Even though we want to provide a starting point for fuzzing, we try to point to the relevant documentation if it is available, instead of reiterating what has been written over and over in countless other guides. Our guidance focuses on how to continue after a basic setup is working. Oftentimes the first iteration of a fuzzing setup can be improved easily by following techniques such as analyzing the code coverage.

Structure #

We opted to give this chapter an expandable structure: For each language (e.g., C/C++, Rust, Go), we enumerate the fuzzers that can be used. We provide advice on which fuzzer to choose and then describe how to install it, compile a fuzz test, and use the fuzzer. If the fuzzer has special features, like multi-core fuzzing or support for sanitizers, then we add those afterwards. Each fuzzer section finishes with real-world examples and further resources.

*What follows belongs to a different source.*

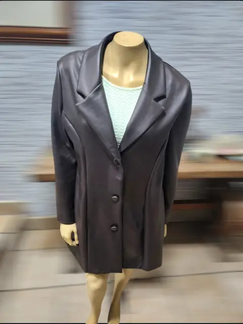 Chamarra rompevientos Larga colleccion Wearever,. Chamarra rompevientos Larga colleccion Wearever, talla XL, color Cafe oscuro con tacto de pleader, habierta del frente con 3 botones. Cuello en V, Manga larga, acento de pliegue, tell Delgado hecha con polyester y espandex, cae a la rodilla, mide 42cm de hombro a hombro, 47cm de axila a axila 47cm de cintura, 59cm de Manga con 86cm de largo del hombro hacia abajo en buen estado cosmetico.

Each language section concludes with a language-specific “Techniques” subsection. If a technique applies to all languages and fuzzers, then it is listed in the Techniques section at the very end of the chapter. This very last section also contains an FAQ and information about Fuzzing environments.

Terminology #

  • SUT/target: The System Under Test (SUT) is the piece of software that is being tested. It can either be a standalone application like a command-line program or a library.
  • Fuzzing/Fuzzer: Fuzz testing, also known as fuzzing, is an automated software testing method that supplies a SUT with invalid, unexpected, or random data as inputs. The program that implements the fuzzing algorithm is called a fuzzer.
  • Test case: A test case is the concrete input that is given to the testing harness. Usually, it is a string or bitstring. A test input can also be encoded in a more complex format like an abstract syntax tree.
  • (Testing/fuzzing) harness: A harness handles the test setup for a given SUT. The harness wraps the software and initializes it such that it is ready for executing test cases. A harness integrates a SUT into a testing environment.
  • libFuzzer harness: A harness that is compatible with the libFuzzer library. The term refers to the LLVMFuzzerTestOneInput function.
  • Fuzz test: A fuzz test consists of a fuzzing harness and the SUT. You might refer to a compiled binary that includes the harness and SUT as a fuzz test.
  • Fuzzing campaign: A fuzzing campaign is an execution of the fuzzer. A fuzzing campaign starts when the fuzzer starts testing and stops when the fuzzing procedure is stopped.
  • Corpus: The evolving set of test cases. During a fuzzing campaign, the corpus usually grows as new test cases are discovered.
  • Seed Corpus: Fuzzing campaigns are usually bootstrapped using an initial set of test cases. This set is also called a seed corpus. Each test case of the corpus is called a seed.
  • Fuzzing engine/runtime: The fuzzing engine/runtime is part of the fuzzer that is executed when the fuzzing starts. It orchestrates the fuzzing process.
  • Instrumentation: The act of instrumenting a program involves adding non-functional changes in order to retrieve data from it or making it more secure/robust.
  • Code coverage: A metric to measure the degree to which the source code of a program is executed.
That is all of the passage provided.